- TO DO -
Using the data below, print exactly the line with "Schwarzweißfotografie. Diese Aufnahme", the line with "Модульные картины Сумерки", and every line between them, but none of the pictures.

___ SUPPLIED DATA

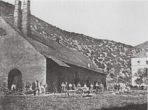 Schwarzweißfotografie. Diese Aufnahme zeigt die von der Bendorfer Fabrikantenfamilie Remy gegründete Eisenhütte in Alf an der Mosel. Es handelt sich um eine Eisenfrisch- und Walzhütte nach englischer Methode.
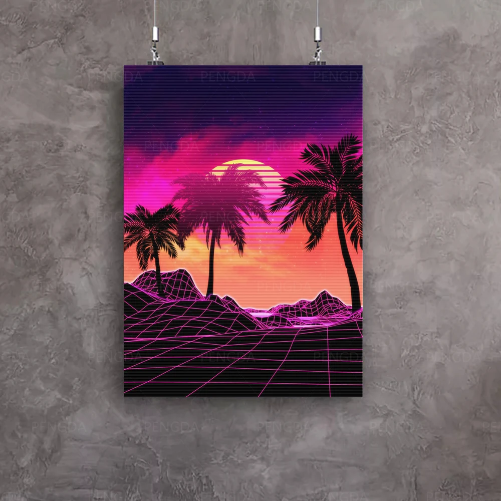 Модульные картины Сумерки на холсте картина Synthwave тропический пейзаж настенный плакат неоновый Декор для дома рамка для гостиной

______
___ SUPPLIED DATA

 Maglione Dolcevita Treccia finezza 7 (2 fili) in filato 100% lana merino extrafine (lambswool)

______
___ SUPPLIED DATA

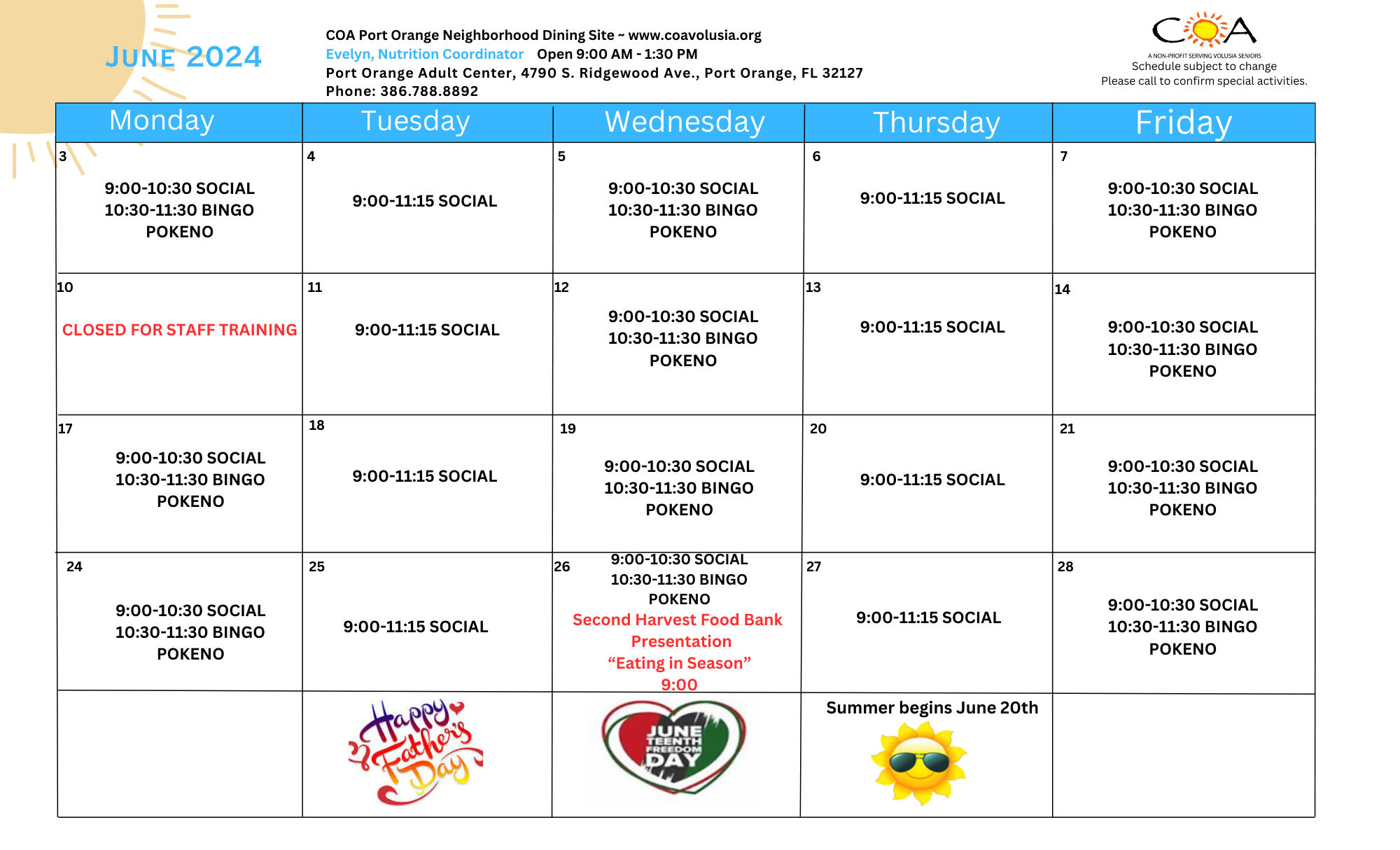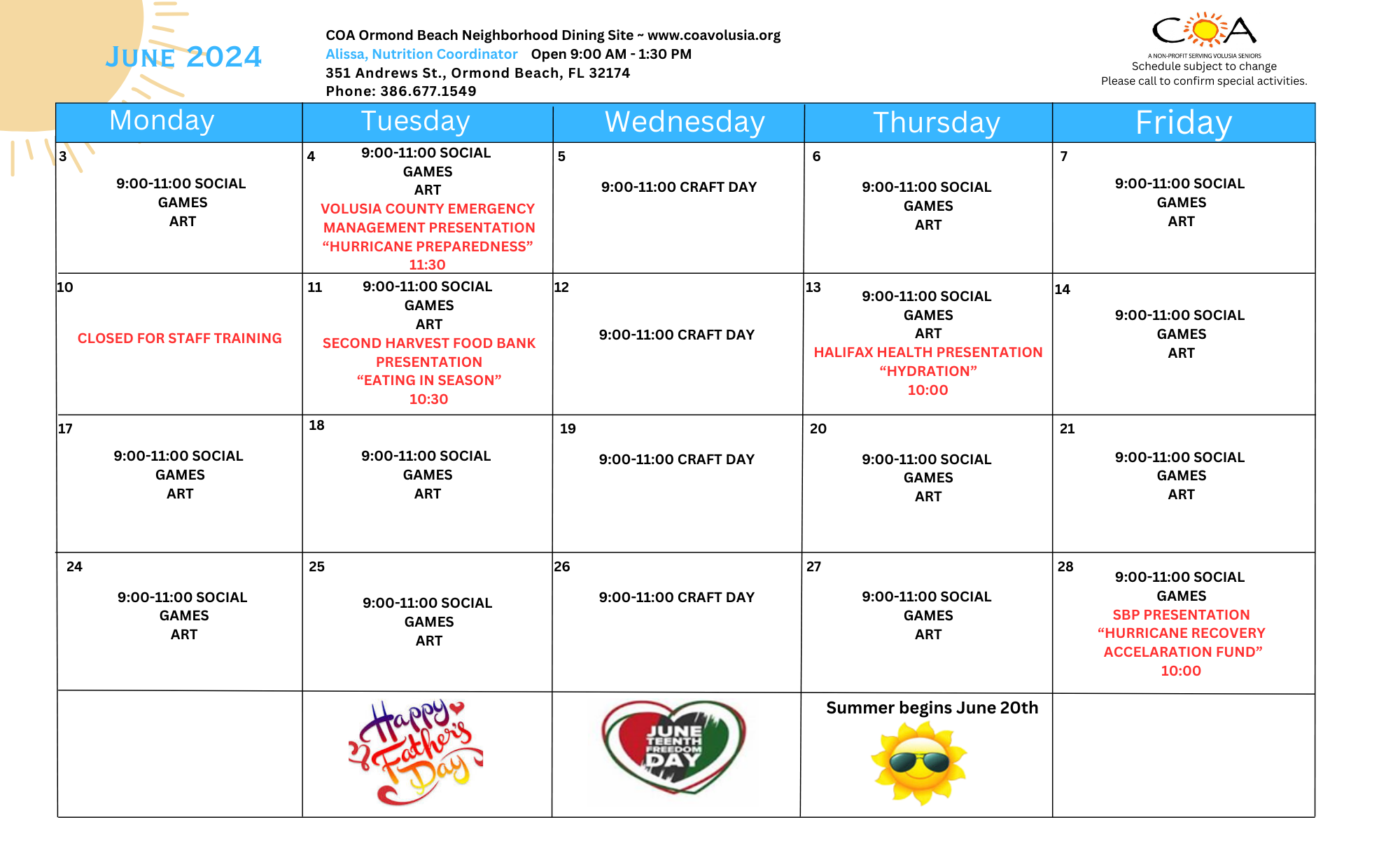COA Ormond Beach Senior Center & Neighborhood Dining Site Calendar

______

- OUTPUT FOR THIS TASK -
 Schwarzweißfotografie. Diese Aufnahme zeigt die von der Bendorfer Fabrikantenfamilie Remy gegründete Eisenhütte in Alf an der Mosel. Es handelt sich um eine Eisenfrisch- und Walzhütte nach englischer Methode.
 Модульные картины Сумерки на холсте картина Synthwave тропический пейзаж настенный плакат неоновый Декор для дома рамка для гостиной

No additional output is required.